Peach found herself wondering about sex in the middle of classes, while staring at bewildering algebra equations on the blackboard, or absentmindedly boiling bubbling liquids over a bunsen burner in the science lab, or while reading Shakespeare’s sonnets. “I think I like romance more than sex,” she admitted finally to Melinda. “I mean it all sounds so complicated and silly, doesn’t it?”
There seemed to be no answer to that one.
When the first snows came they packed excitedly into the school bus for a week on the ski slopes. Julie-Anne in figure-hugging blue ski-pants and a scarlet fair-isle sweater soon
had a host of willing young men eager to help her up if she fell and to carry her skis back to the chalet at the end of the day.
It was the ski-pants, decided Peach and Melinda, heading into the village to purchase some. But somehow they didn’t look quite the same, Peach simply looked all long skinny legs and Melinda looked dumpy. “Let’s face it, Peach,” commented Melinda, “I’m too fat and you’re too thin.
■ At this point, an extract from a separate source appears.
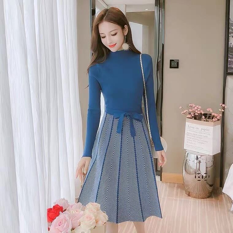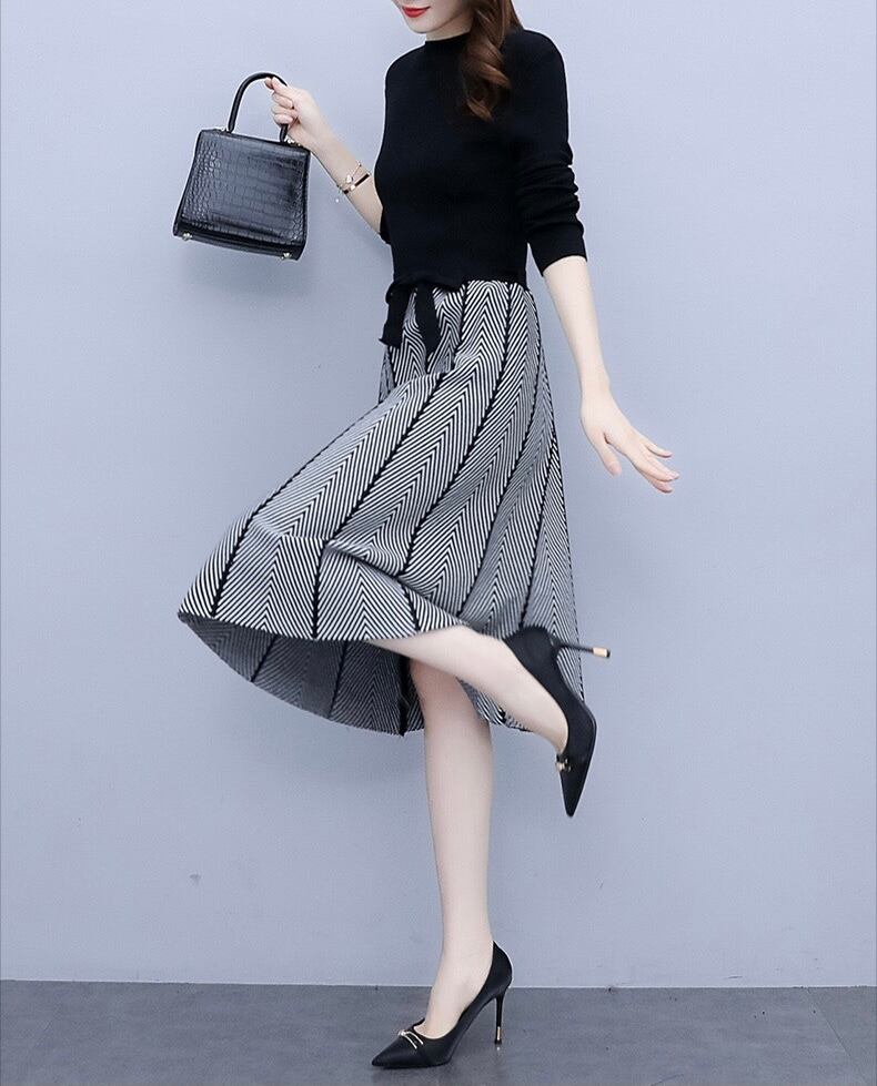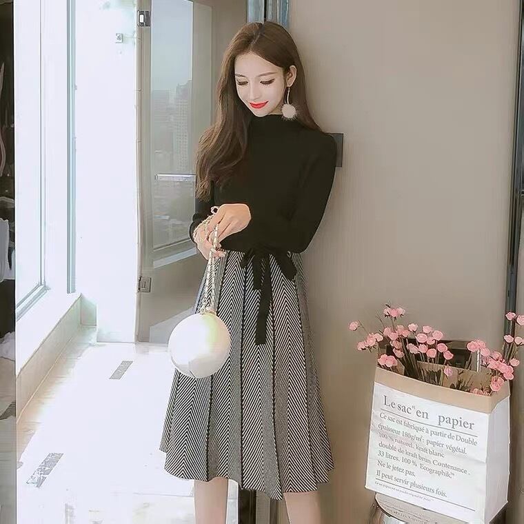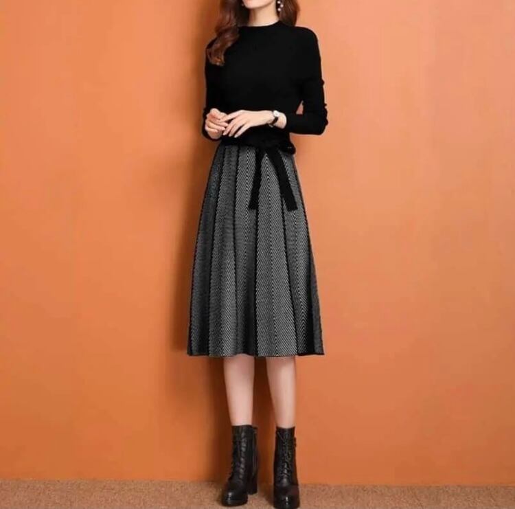 秋 冬 レディース タイト ニット ニットトップス スカート ハイウエスト フロントボタン ミドル丈 プリーツ フェミニン おしゃれ 韓国 きれいめ プチプラ AO-3-32 | dress_sugar_moon

No boys in their right minds will ever look at us twice.”
Every afternoon after skiing they went to the café where Peach drank giant mugs of hot chocolate floating with cream, consuming enormous fattening pastries in an attempt to gain weight while Melinda, tightening her belt, dawdled over a cup of black coffee, trying not to look. But at the end of the week they weighed just the same. “So much for that,” said Melinda, tucking thankfully into an enormous wedge of chocolate cake, “I’ve had enough of romance and sex, give me food!”
“Peach?”
The masculine voice had a familiar ring as Peach looked up.
“Tom,” she said, surprised.
“Tom Launceton,” echoed Melinda.
Tom pulled up a chair, laughing. “It seems we all know each other,” he said cheerily. “Peach and I met on the
Queen Mary
last spring. I must say you’ve grown up a bit since then,” he said, eyeing her appreciatively. “And Melinda and I are country neighbours.”